Start of DATASET ENTRIES
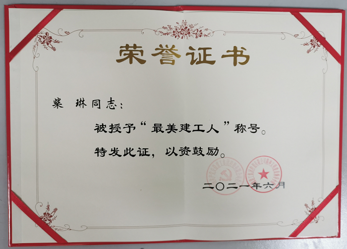 7月1日至7月2日,安徽建工集團控股有限公司二屆一次職工代表大會暨“七一”表彰會在合肥召開。會上表彰了12名“最美建工人”榮譽稱號獲得者,安徽安裝公司柴琳獲此殊榮。
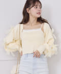 キャミソールは胸元にマラボ-をあしらい、フェミニンさをプラス。
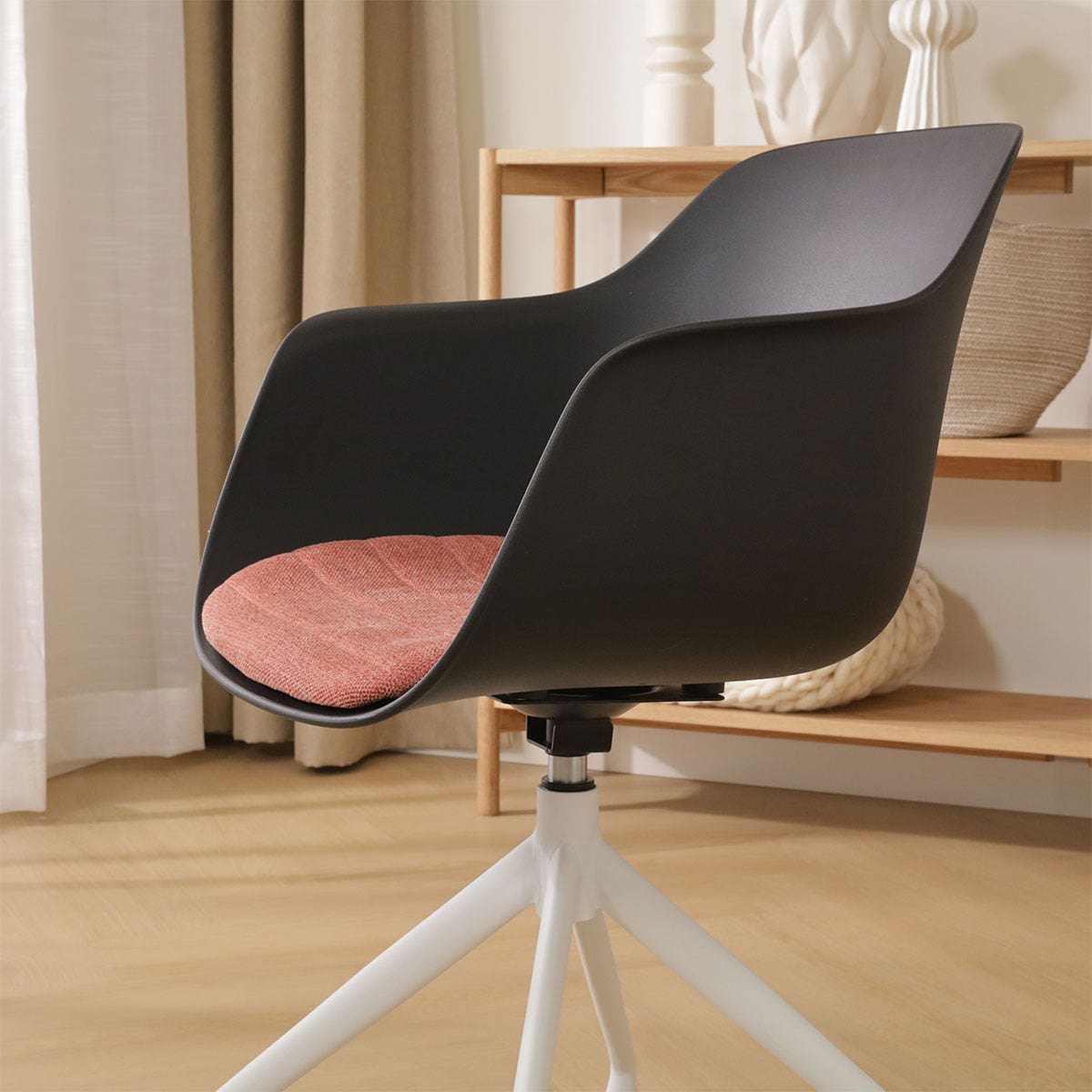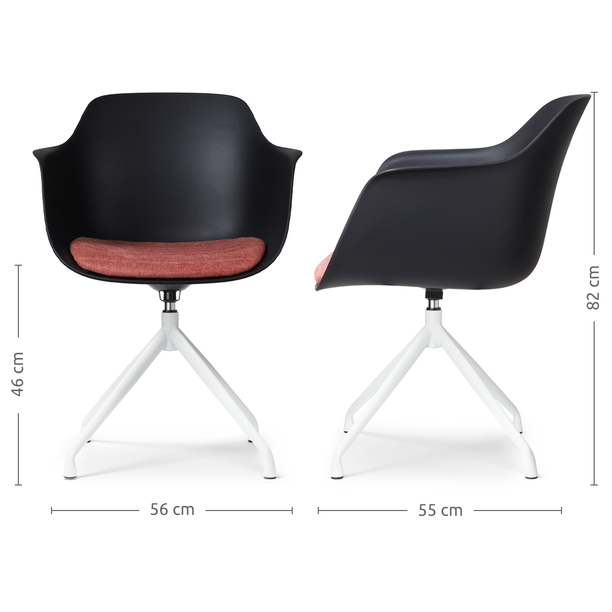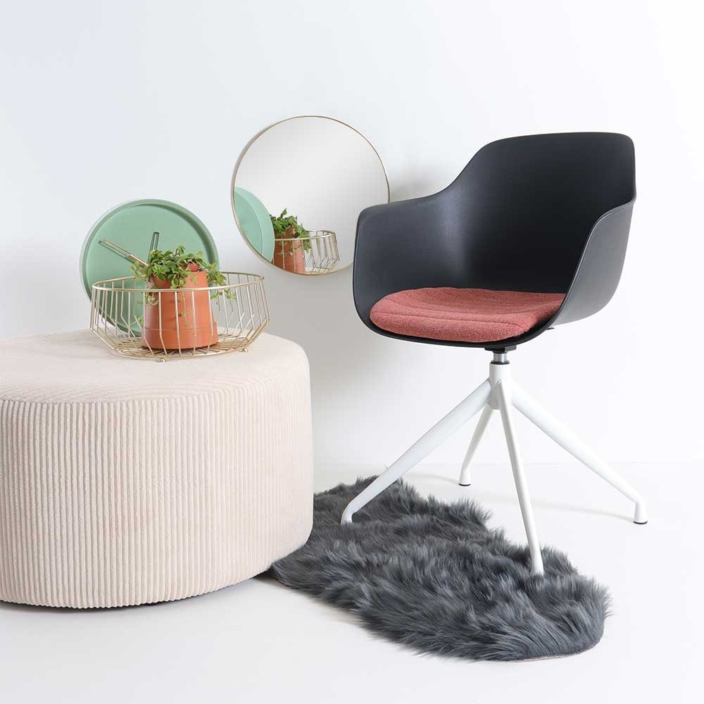 De Nola draaibare eetkamerstoel met een kunststof zitting met armleuningen is een mooie elegante stoel die als blikvanger dient rondom je eettafel.
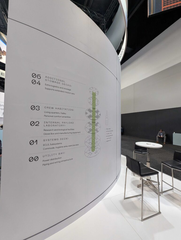 編集部が特に注目したのは、民間宇宙ステーション「Starlab」を開発するStarlab Spaceのブース。同社が開発を進めている宇宙ステーションの構造が具体的にイメージできる展示となっていました。
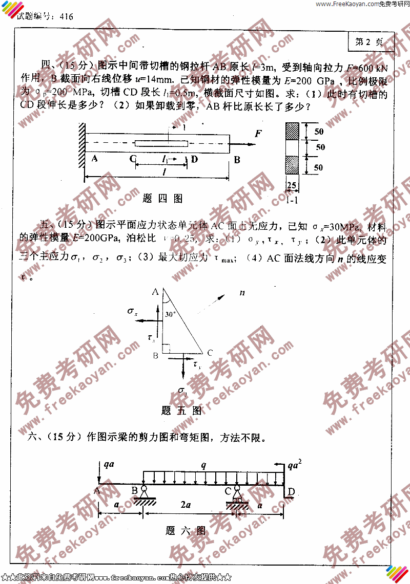 专业课考研经验 本站小编 FreeKaoyan 2018-01-22大连理工大学2003年考研真题-材料力学
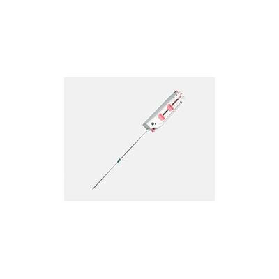 Disposable needle for biopsy on soft tissue with guillotine system. Easy to use, light and compact. The spring-operated firing mechanism is calibrated to ensure the sampling of tissues even more compact. The device has two shots: the first shot has a cutting depth of 10 mm, the second step has a depth of 20 mm. The echogenic spindle has an internal hollow collecting a large sample. The centimeter cannula allows to detect depth of the lesion and has sliding stopper.
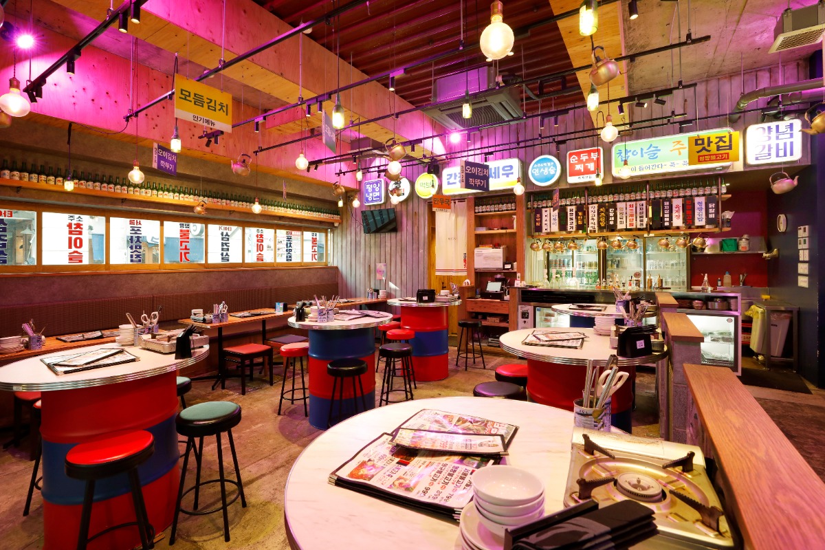 本場韓国の屋台のような店内と「アニョハセヨ!」と活気のある挨拶で、店内に入るやいなや旅行気分になれる「ヒョンチャンプルコギ 松山店」。
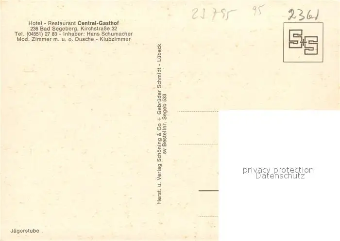 Bad_Segeberg Hotel-Restaurant Central-Gasthof Bad_Segeberg postalisch nicht gelaufen nach 1965 Erhaltung siehe scans [PaolaD17] PaolPID1
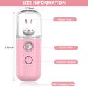 HYDRATION ON THE GO: Our nano face mist sprayer emits a fine mist to keep your skin moisturized in any setting. Compact and easy to carry, the mini face steamer assures a continuous hydration fix for your skin, making daily skincare routine effortless and ensuring your skins pampering even outdoors.CHARMING DESIGN: Delight in the playful bunny cartoon aesthetic of our nano mist sprayer. Not just a treat for yourself, it is a thoughtful and practical gift choice for loved ones, making birthdays and surprises even more special with a touch of creativity.NOTE: please add mineral water to the spray, do not add pure water, distilled water, essential oils, hydrosols, viscous liquids, etc., because whether the water density is too high or too low, it will to poor atomization and water droplets or blockage in the spray nozzle; When adding liquid, dont be too full, thus the sprayer works better; You can add perfume, milk, alcohol for other usages, just explore by yourself, but please remember to adjust the ratio, the recommended ratio is 10: 1.USB RECHARGEABLE CONVENIENCE: Equipped with a 150mAh battery, our face mist machine transforms 90ml of water into nourishing mist per charge, supported by versatile USB charging from power banks, AC adapters, or car chargers. Stay hydrated without the hassle.PERFECT PORTABILITY: Boasting a convenient 30ml capacity, this lightweight mist face spray is your hydration companion wherever you go. Easily refillable with water, it's ideal for quick skin refreshment outdoors, at the office, or during travel.
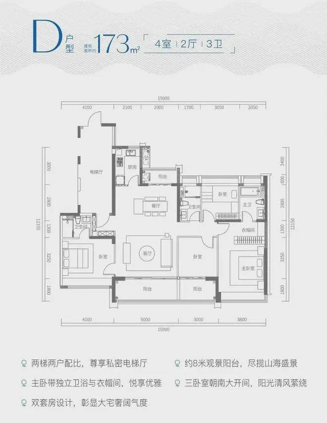 产品:建面约117-173㎡3-4房高端亲海大宅
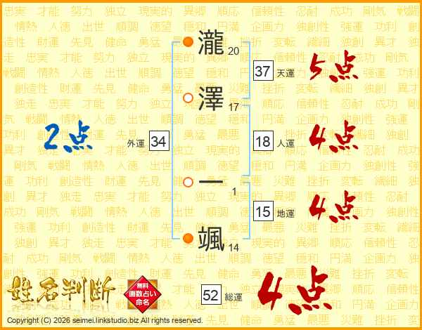 瀧(20画)澤(17画) 一(1画)颯(14画)
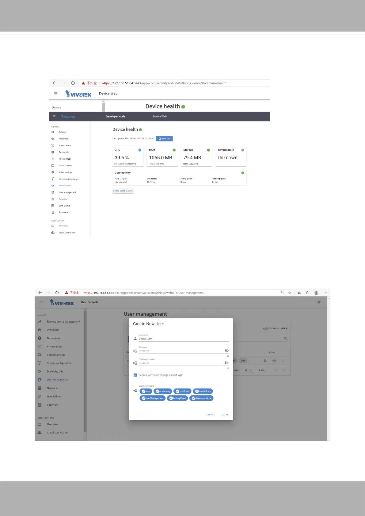 Vivotek FD9392-EHTV-O - Device Health; User Management
End of DATASET ENTRIES
> _ABOUT THIS TASK_: Please give back exactly the lines from the first line of the records above through the line containing "Bad_Segeberg Hotel-Restaurant Central-Gasthof", only those and both included, with the pictures removed.

> _ANSWER FOR THIS EXERCISE_:
 7月1日至7月2日,安徽建工集團控股有限公司二屆一次職工代表大會暨“七一”表彰會在合肥召開。會上表彰了12名“最美建工人”榮譽稱號獲得者,安徽安裝公司柴琳獲此殊榮。
 キャミソールは胸元にマラボ-をあしらい、フェミニンさをプラス。
 De Nola draaibare eetkamerstoel met een kunststof zitting met armleuningen is een mooie elegante stoel die als blikvanger dient rondom je eettafel.
 編集部が特に注目したのは、民間宇宙ステーション「Starlab」を開発するStarlab Spaceのブース。同社が開発を進めている宇宙ステーションの構造が具体的にイメージできる展示となっていました。
 专业课考研经验 本站小编 FreeKaoyan 2018-01-22大连理工大学2003年考研真题-材料力学
 Disposable needle for biopsy on soft tissue with guillotine system. Easy to use, light and compact. The spring-operated firing mechanism is calibrated to ensure the sampling of tissues even more compact. The device has two shots: the first shot has a cutting depth of 10 mm, the second step has a depth of 20 mm. The echogenic spindle has an internal hollow collecting a large sample. The centimeter cannula allows to detect depth of the lesion and has sliding stopper.
 本場韓国の屋台のような店内と「アニョハセヨ!」と活気のある挨拶で、店内に入るやいなや旅行気分になれる「ヒョンチャンプルコギ 松山店」。
 Bad_Segeberg Hotel-Restaurant Central-Gasthof Bad_Segeberg postalisch nicht gelaufen nach 1965 Erhaltung siehe scans [PaolaD17] PaolPID1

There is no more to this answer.